PROBLEM: Reproduce nothing but the lines from the start of the material through the line that includes "НАСТОЯЩЕЕ ВРЕМЯ ПРИНЯТО", both ends included, and omit every picture.
+++ GIVEN INFORMATION +++
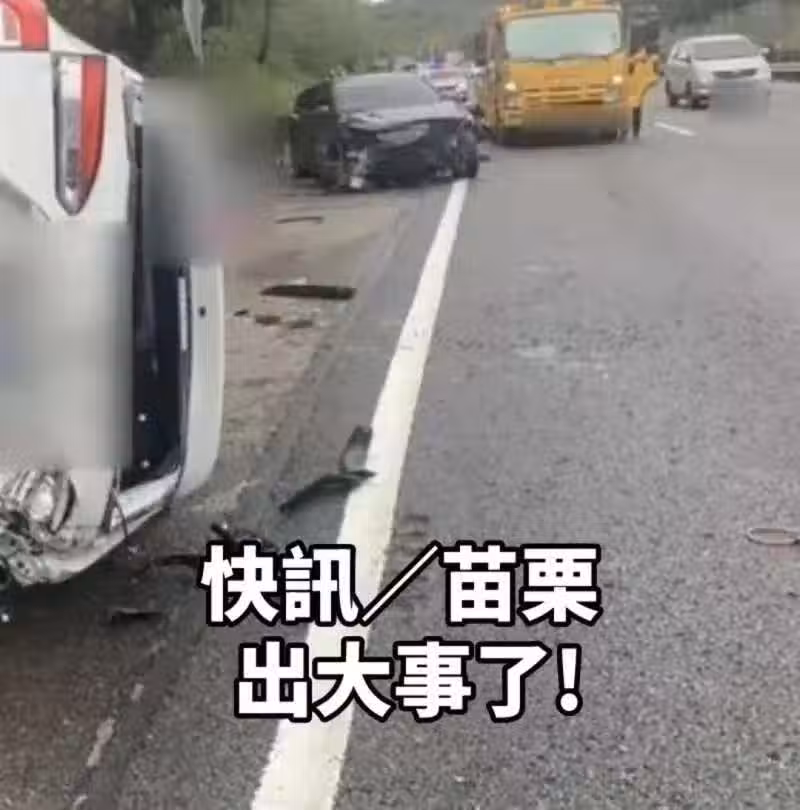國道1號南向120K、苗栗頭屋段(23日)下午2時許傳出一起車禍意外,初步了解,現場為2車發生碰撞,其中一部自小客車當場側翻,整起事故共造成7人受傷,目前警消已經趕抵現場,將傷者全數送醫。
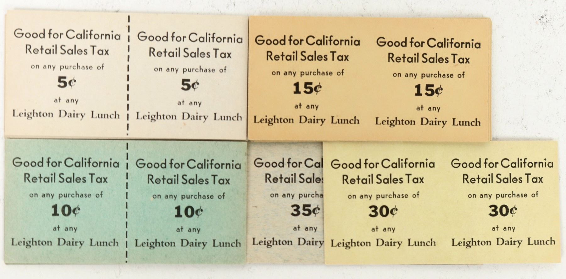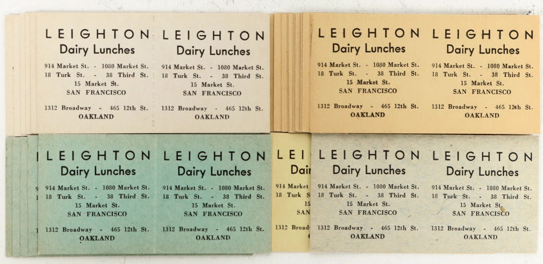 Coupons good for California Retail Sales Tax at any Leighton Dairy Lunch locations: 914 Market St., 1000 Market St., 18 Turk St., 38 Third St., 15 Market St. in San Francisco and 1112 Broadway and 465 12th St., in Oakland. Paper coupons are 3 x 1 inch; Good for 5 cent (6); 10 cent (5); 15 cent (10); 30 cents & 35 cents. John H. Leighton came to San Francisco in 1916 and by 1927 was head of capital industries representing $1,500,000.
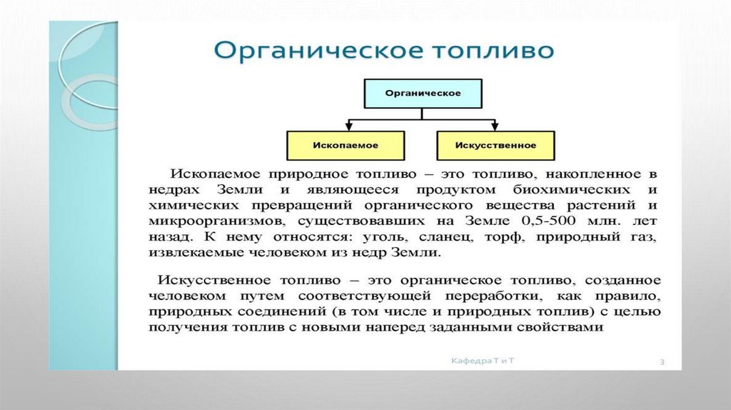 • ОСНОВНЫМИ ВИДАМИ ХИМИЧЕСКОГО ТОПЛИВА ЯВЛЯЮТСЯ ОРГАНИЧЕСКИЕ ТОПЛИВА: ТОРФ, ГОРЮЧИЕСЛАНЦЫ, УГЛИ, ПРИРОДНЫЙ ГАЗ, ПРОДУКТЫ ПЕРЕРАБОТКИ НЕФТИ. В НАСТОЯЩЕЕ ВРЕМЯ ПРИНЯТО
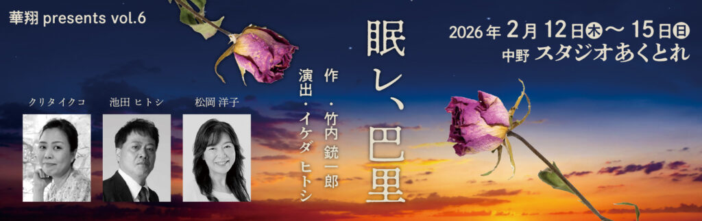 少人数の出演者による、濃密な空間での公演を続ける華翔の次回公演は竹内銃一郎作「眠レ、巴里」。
+++
RESPONSE TO THE TASK:
國道1號南向120K、苗栗頭屋段(23日)下午2時許傳出一起車禍意外,初步了解,現場為2車發生碰撞,其中一部自小客車當場側翻,整起事故共造成7人受傷,目前警消已經趕抵現場,將傷者全數送醫。
 Coupons good for California Retail Sales Tax at any Leighton Dairy Lunch locations: 914 Market St., 1000 Market St., 18 Turk St., 38 Third St., 15 Market St. in San Francisco and 1112 Broadway and 465 12th St., in Oakland. Paper coupons are 3 x 1 inch; Good for 5 cent (6); 10 cent (5); 15 cent (10); 30 cents & 35 cents. John H. Leighton came to San Francisco in 1916 and by 1927 was head of capital industries representing $1,500,000.
 • ОСНОВНЫМИ ВИДАМИ ХИМИЧЕСКОГО ТОПЛИВА ЯВЛЯЮТСЯ ОРГАНИЧЕСКИЕ ТОПЛИВА: ТОРФ, ГОРЮЧИЕСЛАНЦЫ, УГЛИ, ПРИРОДНЫЙ ГАЗ, ПРОДУКТЫ ПЕРЕРАБОТКИ НЕФТИ. В НАСТОЯЩЕЕ ВРЕМЯ ПРИНЯТО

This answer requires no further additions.